WHAT YOU WILL DO: Quote only the span from the first line of the entries to the line containing "총길이 3.9km의 산책로는", both ends kept. Leave every picture out.

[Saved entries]
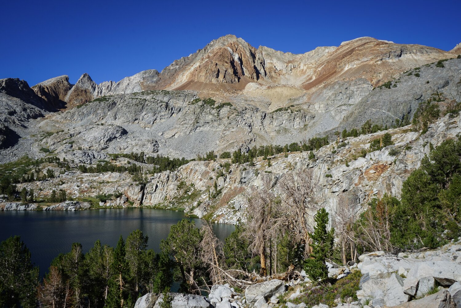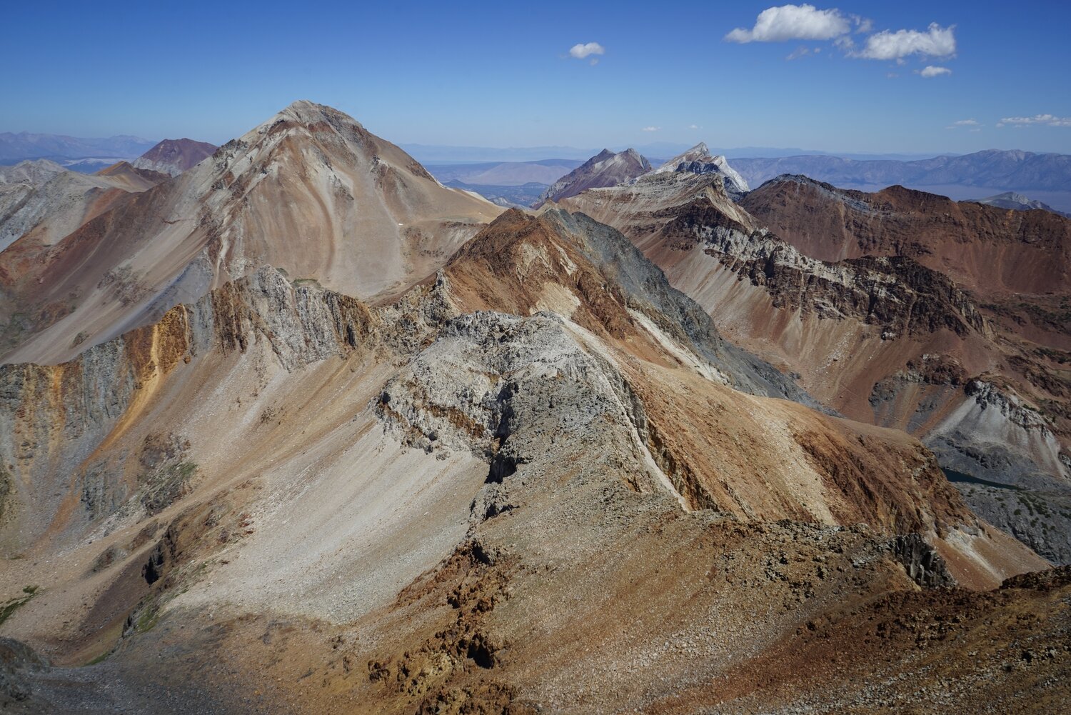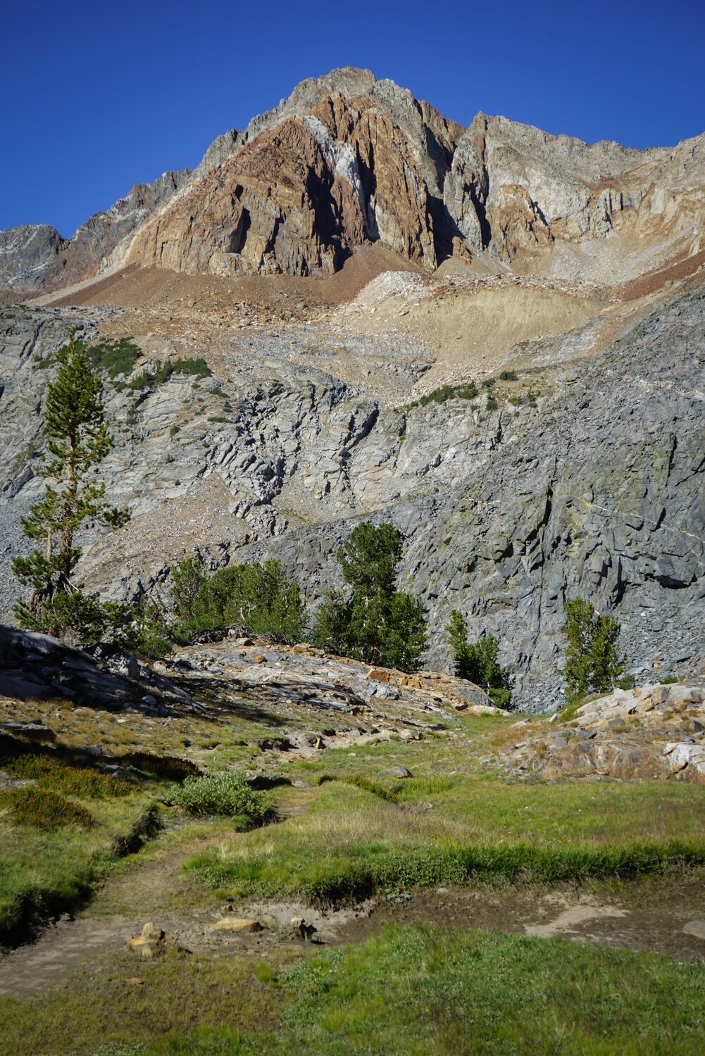 Looking north towards Red Slate Mountain, with Bloody Mountain behind and to the left and Mount Baldwin and Mount Morrison behind and to the right.
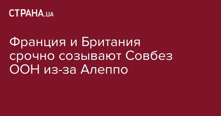 Франция и Великобритания решили созвать срочное заседание Совбеза ООН из-за ситуации в сирийском городе Алеппо, сообщает AFP.
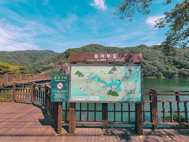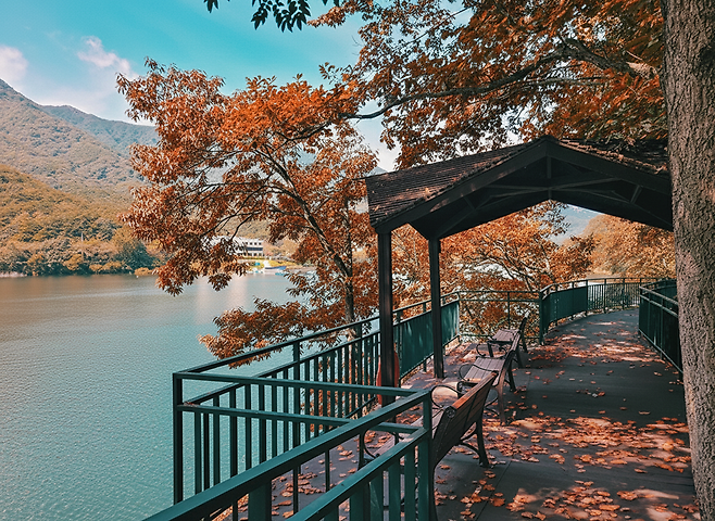 총길이 3.9km의 산책로는 나무데크 2.2km, 흙길 1.7km로 구성되어 있으며, 왕복 약 2시간 정도면 여유롭게 걸을 수 있습니다. 길을 따라 걷다 보면 왼편으로는 울창한 숲이, 오른편으로는 담양호의 잔잔한 물결이 나란히 이어집니다. 특히 목교 구간은 곡선의 선형미가 돋보여, 자연과 인공의 조화가 인상적입니다. 가을이면 붉은 단풍과 노란 낙엽이 길 위에 수놓아져, 호수 위로 반사되는 풍경이 더욱 따뜻하게 느껴집니다.
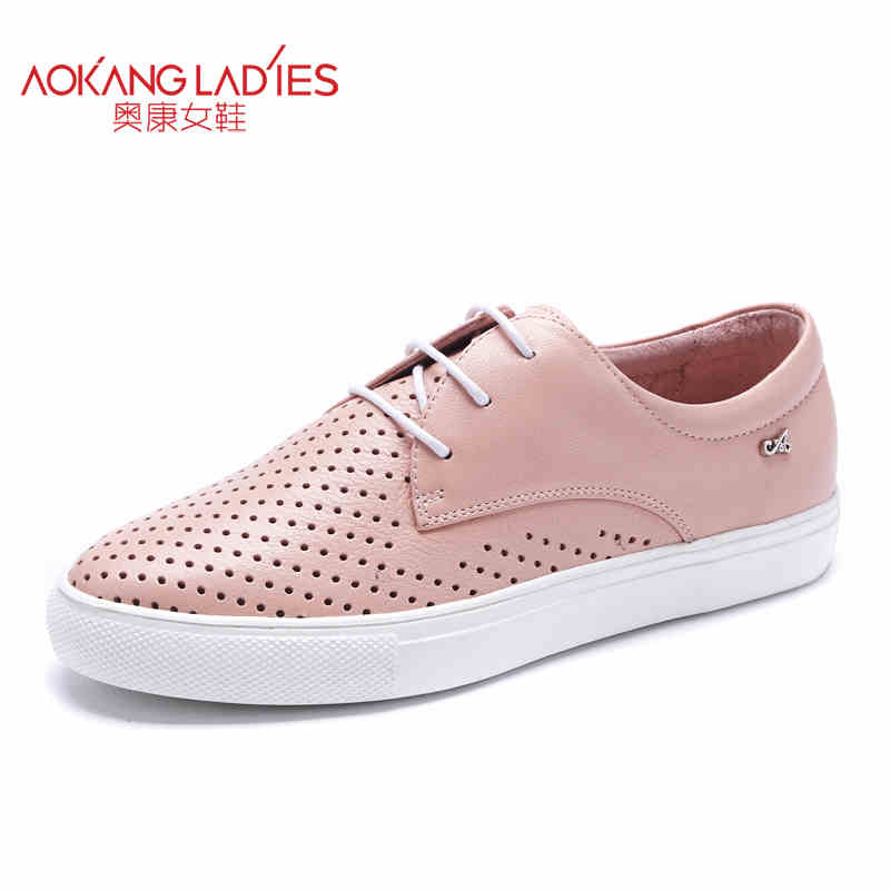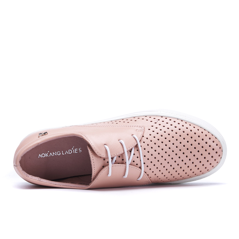 Aokang 2020 New arrival women flat genuine leather shoes red pink white women shoes breathable and soft free shipping
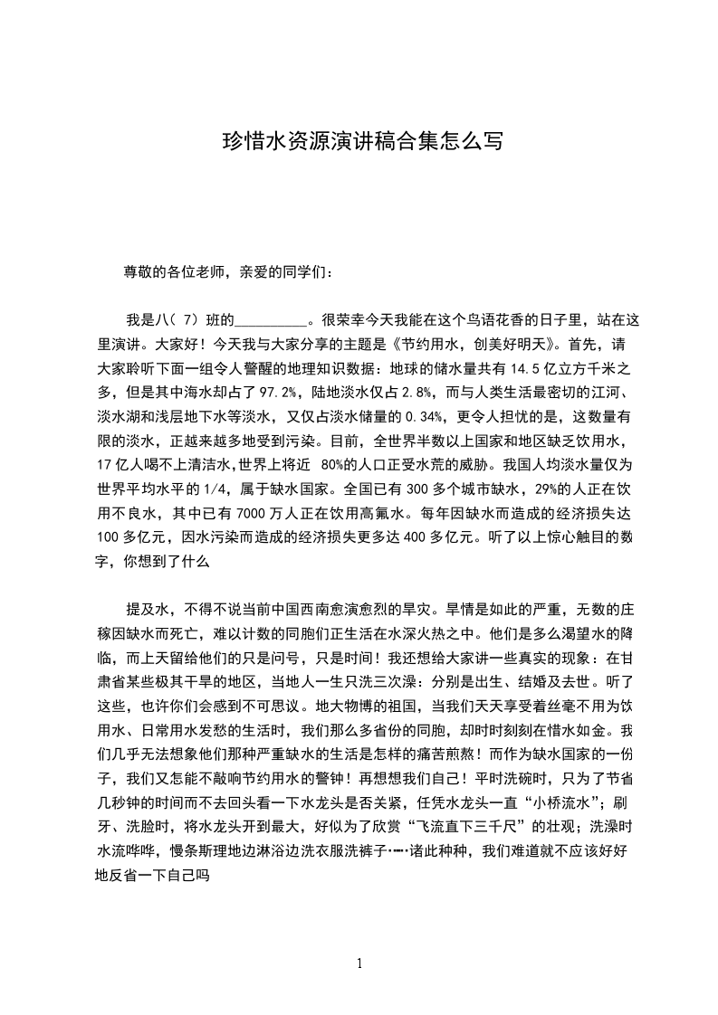 我是八(7)班的__________。很荣幸今天我能在这个鸟语花香的日子里,站在这里演讲。大家好!今天我与大家分享的主题是《节约用水,创美好明天》。首先,请大家聆听下面一组令人警醒的地理知识数据:地球的储水量共有14.5亿立方千米之多,但是其中海水却占了97.2%,陆地淡水仅占2.8%,而与人类生活最密切的江河、淡水湖和浅层地下水等淡水,又仅占淡水储量的0.34%,更令人担忧的是,这数量有限的淡水,正越来越多地受到污染。目前,全世界半数以上国家和地区缺乏饮用水,17亿人喝不上清洁水,世界上将近80%的人口正受水荒的威胁。我国人均淡水量仅为世界平均水平的1/4,属于缺水国家。全国已有300多个城市缺水,29%的人正在饮用不良水,其中已有7000万人正在饮用高氟水。每年因缺水而造成的经济损失达100多亿元,因水污染而造成的经济损失更多达400多亿元。听了以上惊心触目的数字,你想到了什么
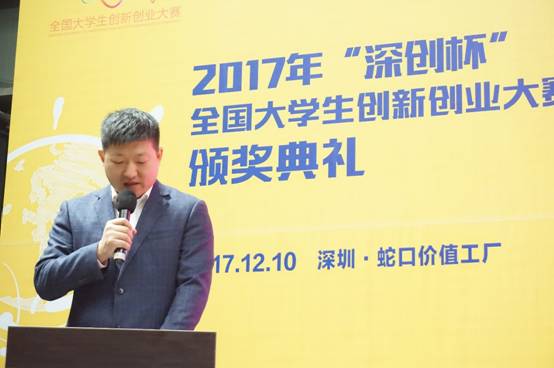 王晖代表乐竞平台向获奖团队师生和高校表示祝贺。王晖表示,“深创杯”大赛始终秉承“创新、协调、绿色、开放、共享”的理念,与各“承办联盟”高校和“联合执行”单位一道,共享资源、共建平台、共担责任、共赢成果,实现了让每个参与者都有满满的获得感。“深创杯”参赛选手不仅进行比赛竞技,还参加创业实战训练;指导老师不仅研讨双创教育,还实地考察深圳双创环境,参赛师生不仅捧回了证书、赢得了奖金,还拓宽了人脉、交流了思想、获得了资源、更新了理念。王晖具体解释了“深创”的涵义,他说“深”是汇聚深圳的“深”,是深化改革的“深”;“创”是大众创业的“创”,是万众创新的“创”,从“深创杯”到“深创联盟”,将是我们不断深化共识、持续深入合作进入崭新阶段。
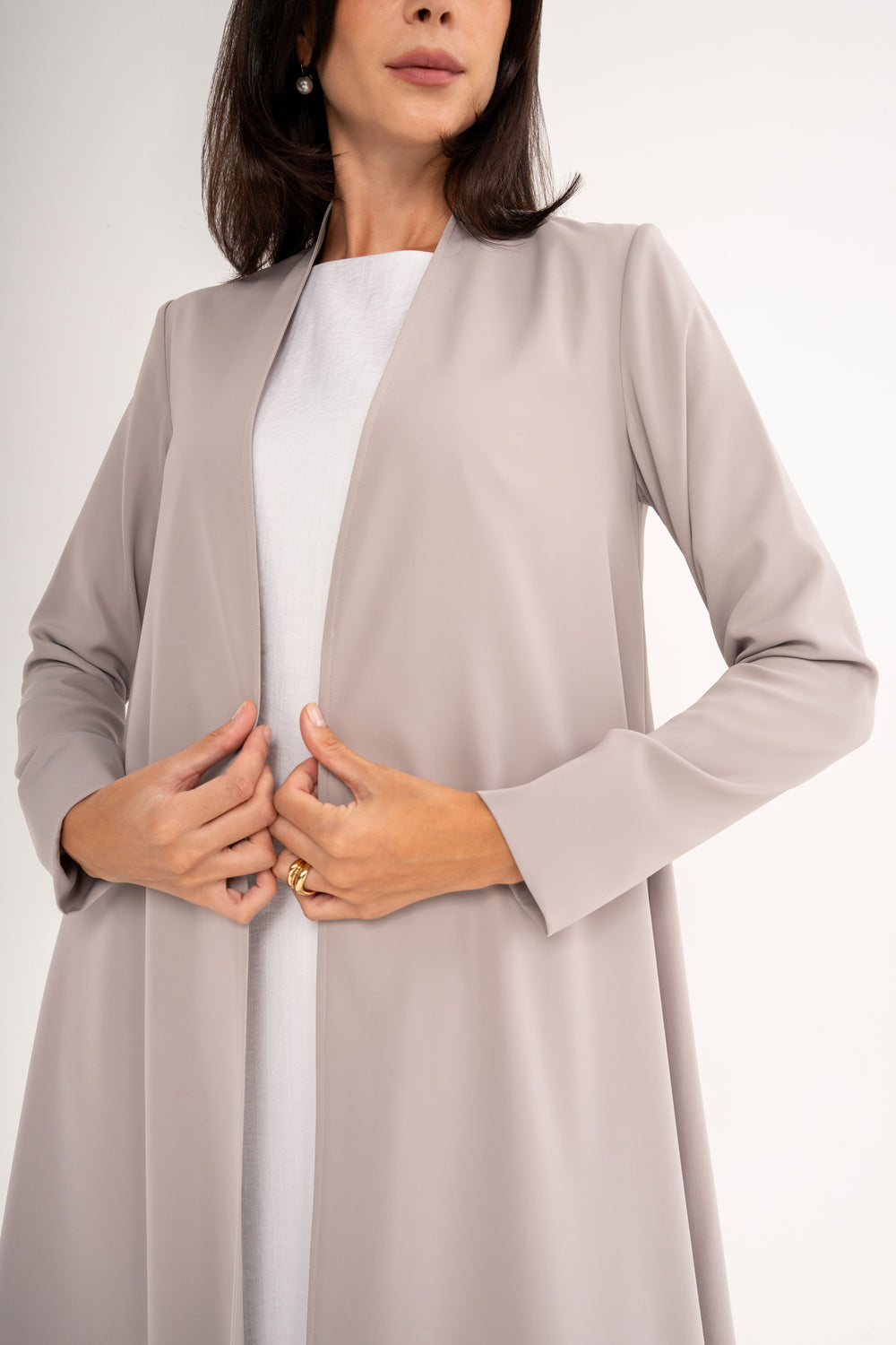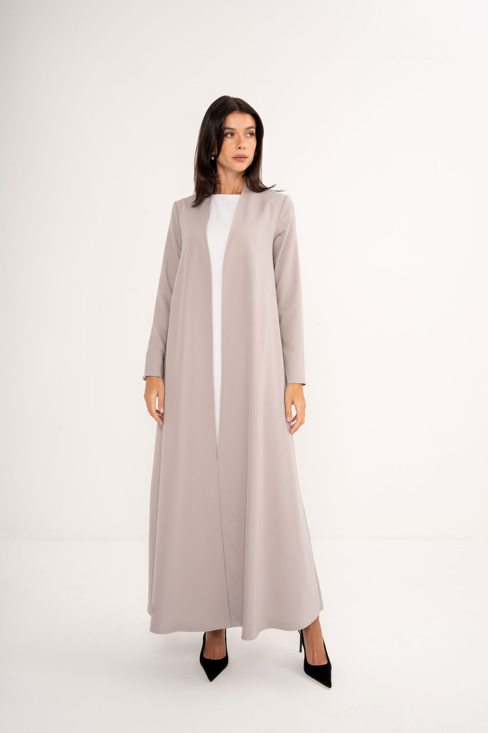 Elegant yet effortless, this abaya is crafted from soft crepe with a smooth full lining, in a versatile neutral shade that works for any time and season.
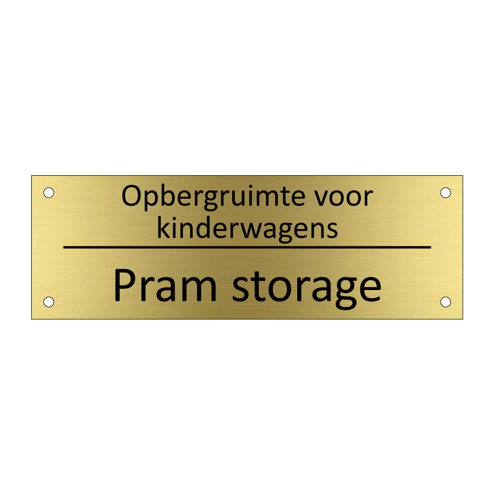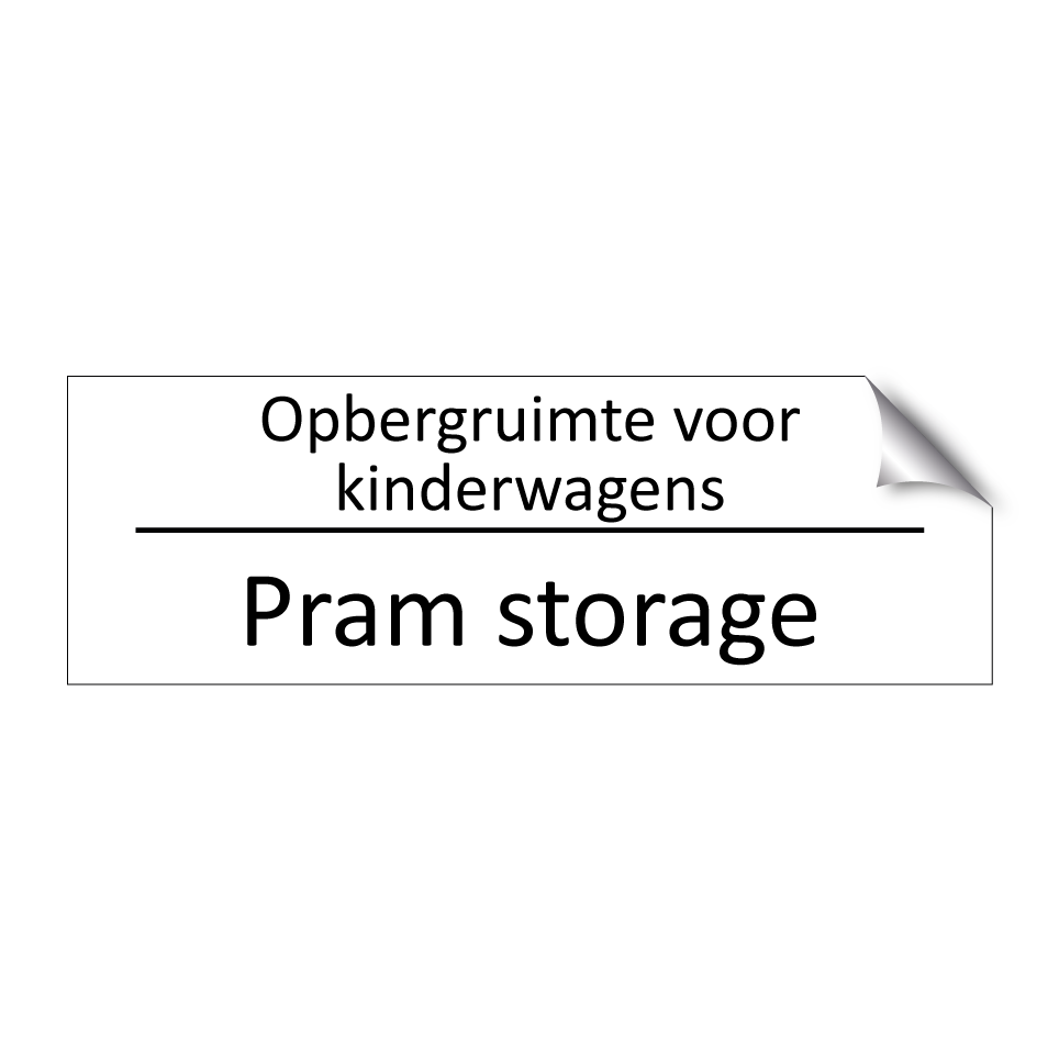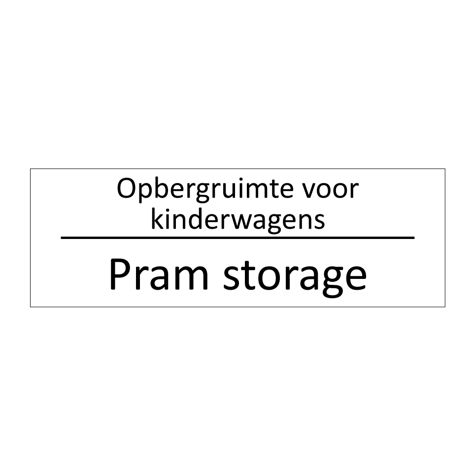Informatiebord met tekst in het nederlands en engels. Dit bord luidt: Opbergruimte voor kinderwagens evenals met de engelse vertaling Pram storage.
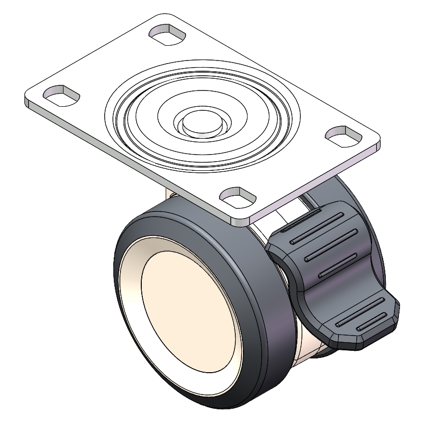 Single Brake locking system and a Fork-Riveted, injection-molded Fork. reinforced Polypropylene Fork with Fork-mount (3T) Mounting Type system Polypropylene (PP) Wheel Center, polyvinyl chloride (PVC) tread White-dark gray, wheel - Plain Bearing. |
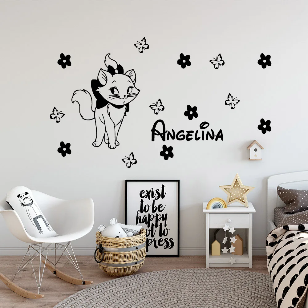 Виниловые наклейки на стену с милым котом, с именем на заказ, для детской комнаты, спальни, домашний декоративный декор, самоклеящиеся обои, наклейки для гостиной
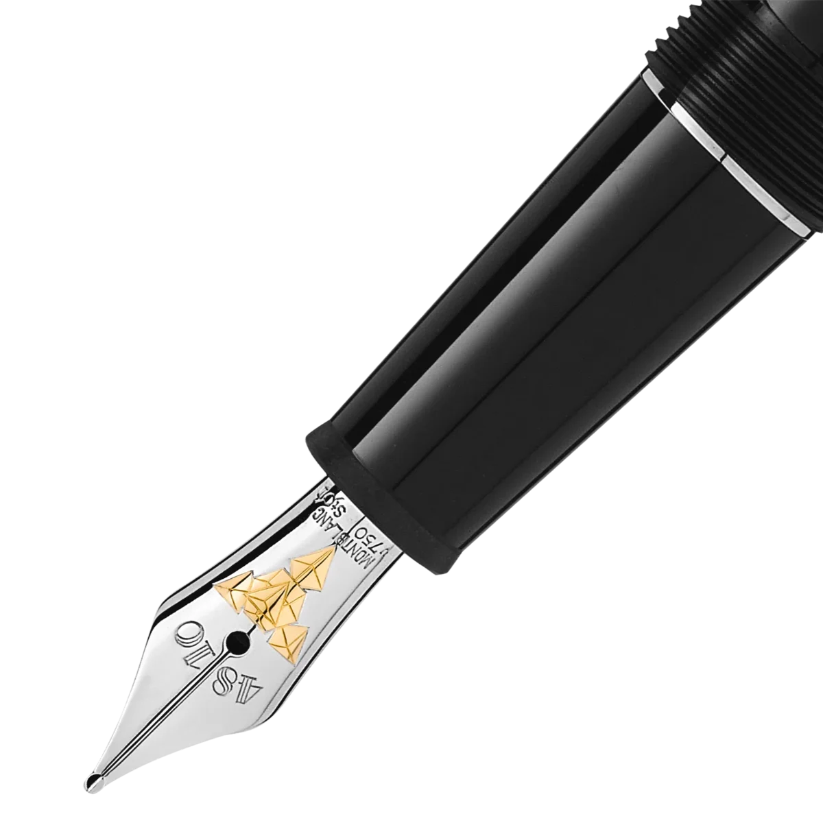 Meisterstück Solitaire Geometric Dimension föddes ur önskan att förena Montblancs klassiska design med unika material. Detta skrivinstrument är tillverkat av svart ädelharts och har en graverad lock med ett tredimensionellt geometriskt mönster med optisk effekt i en sofistikerad platinafärg. Det har en Au750 tvåfärgad belagd spets med specialdesign, en platinabelagd klämma och tre platinabelagda ringar med Montblancs varumärke ingraverat. Med Montblanc-emblemet som prydnad tilltalar den individens personlighet. Identifikationsnummer MB132501 Fysisk vikt 33,498 g Mått 140 mm * 13,7 mm

ANSWER SECTION:
 Looking north towards Red Slate Mountain, with Bloody Mountain behind and to the left and Mount Baldwin and Mount Morrison behind and to the right.
 Франция и Великобритания решили созвать срочное заседание Совбеза ООН из-за ситуации в сирийском городе Алеппо, сообщает AFP.
 총길이 3.9km의 산책로는 나무데크 2.2km, 흙길 1.7km로 구성되어 있으며, 왕복 약 2시간 정도면 여유롭게 걸을 수 있습니다. 길을 따라 걷다 보면 왼편으로는 울창한 숲이, 오른편으로는 담양호의 잔잔한 물결이 나란히 이어집니다. 특히 목교 구간은 곡선의 선형미가 돋보여, 자연과 인공의 조화가 인상적입니다. 가을이면 붉은 단풍과 노란 낙엽이 길 위에 수놓아져, 호수 위로 반사되는 풍경이 더욱 따뜻하게 느껴집니다.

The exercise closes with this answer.